仔犬のすてっぷ
第3章 風海 蒼空 (かざみ そら)
「林原。ミステイク!」
事務所の扉を開くなり、森川店長からこの声が飛んできた。
バスケの審判がやる、両腕を手前で交互にくるくるさせる動作(へんなおじさんのダンスの最後の方でやる、あれ)の後、こちらにビシッ!と人差し指を突き出して、店長がニヤッと笑う。
森川店長のミステイク・ジャッジは、叱られる一歩前の警告だ。
コレを無視、あるいは軽視していると、後からとんでも無く辛い思いをする事になる。
そして、ソレは店長から叱られるよりも、先に実際に体感して、痛い思いをする事の方が多く……
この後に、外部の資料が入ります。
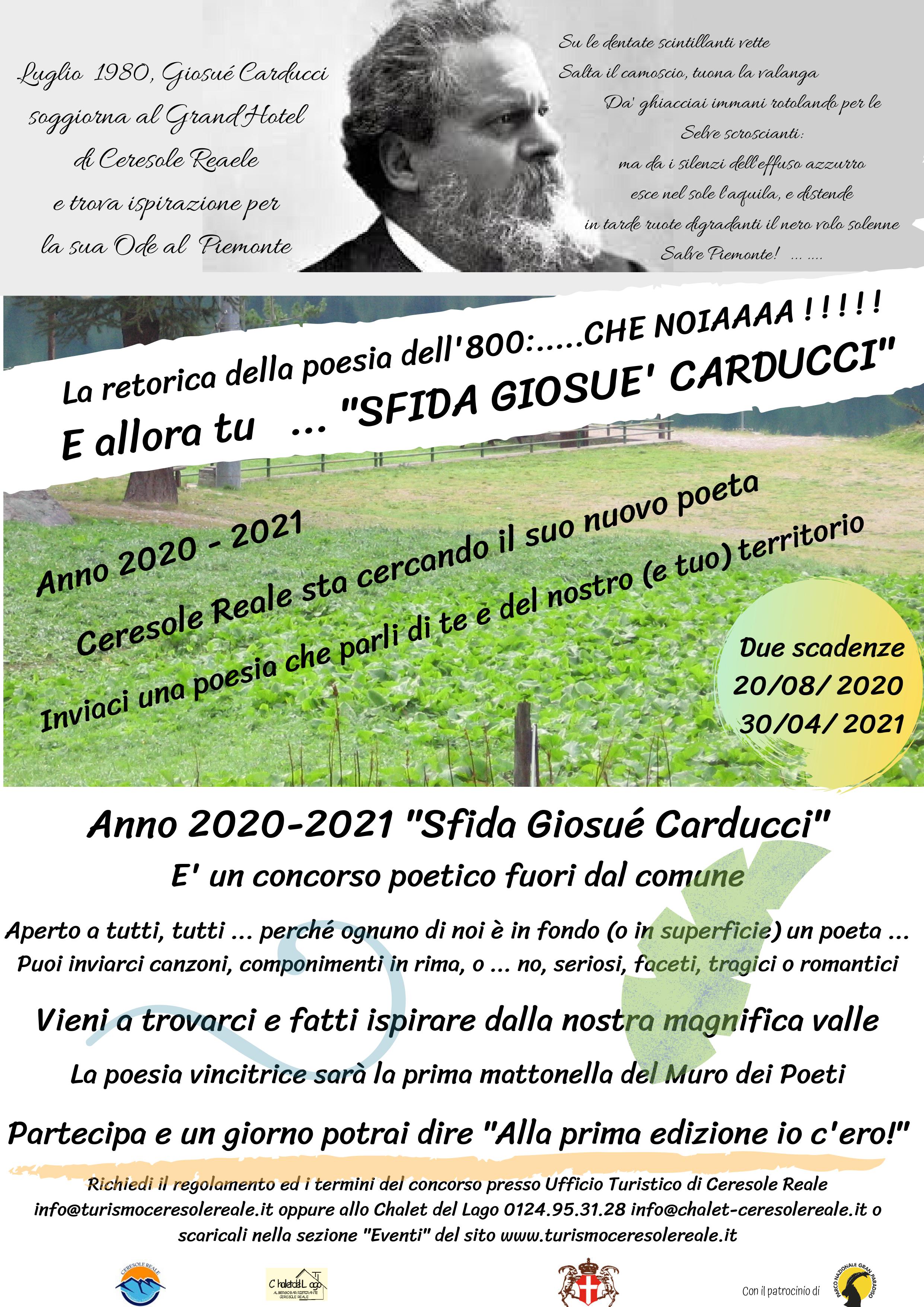 Nel luglio 1890, Giosué Carducci soggiorna al Grand Hotel di Ceresole Reaele e trova ispirazione per la sua Ode al Piemonte: nel luglio 2020 l’Associazione Ceresole Reale Turismo indice la prima edizione del Concorso Letterario “Sfida Giosué Carducci!".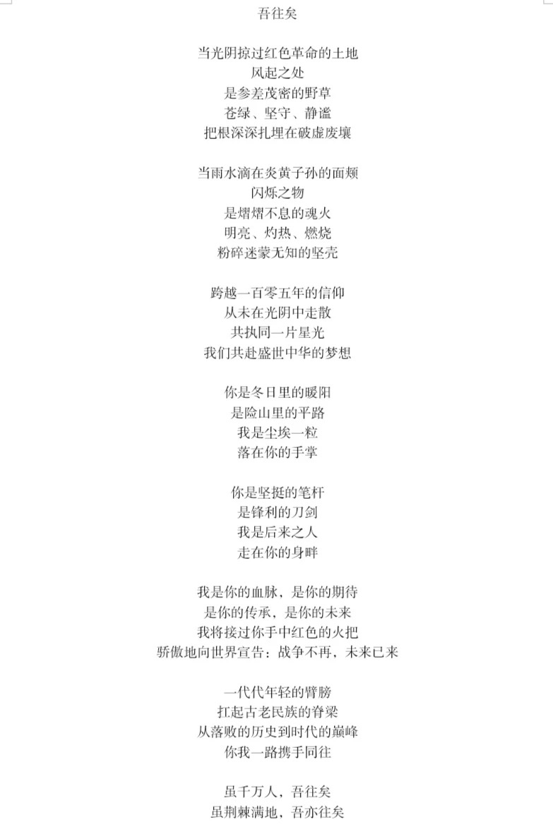 beats365唯一官网入口官网学子文思泉涌,妙笔生花,上演了一场诗歌与信仰的碰撞。2022级2班杨颜歌以《吾往矣》为主题,把先辈比作倔强不屈的野草,纵前路混沌黑暗,仍以笔为刃,粉碎国民迷蒙无知的坚壳,后人亦接过火把,共守同一片星光。2022级6班张宇飞的《红湖在梦》,诡异磷火与点点星火,空旷原野和新生野草,看似是黑与白的不相容,却也可以蜕变成摧枯拉朽洗髓换骨后的轻盈如燕。2023级8班的单子祎提笔写下五四时期青年既有忧国丹心志,又能铁肩担道义,继而转笔写当今青年欣逢盛世,更要承继先辈之志,在昂扬时代中听到青年之声。2023级9班陈瑞涵诗中的青年以飞蛾自喻,飞蛾扑火亦是义无反顾,更何况恰如朝阳般蓬勃旺盛的青年,也许黑暗会吞噬我们的脚步,却不能阻止青年的信仰向前,字里行间流露出了青年人的生气、锐气、骨气。

つまり、相当に気を付けなければならない何かをやらかしている、ということで。
「林原ぁ…お前、ゲームのやり過ぎ、ヌキ過ぎであんな顔してた訳じゃあるまい?」
は、はううぅ〜…(汗)
な、何か分かんないけど、何故か何かがバレているぅ!
「て、てんちょー…??」
「俺に隠し事や嘘が通じないのは知ってるだろ?ゲンコツ落とされる前に、お前から話せ」
この人…顔が〈大○の源さん〉みたいで、いつも目が燃えてる感じ……見られてるだけで、嘘付かせない “圧力” が半端ないんだよなぁ……。
「・・・じ、じつは・・・」
ど、どうしよう?
本当にこのまま、全部話す?
蒼空の事を話して…
お店の人達に、迷惑かけてしまう……
そんな事になったら、どうしよう……。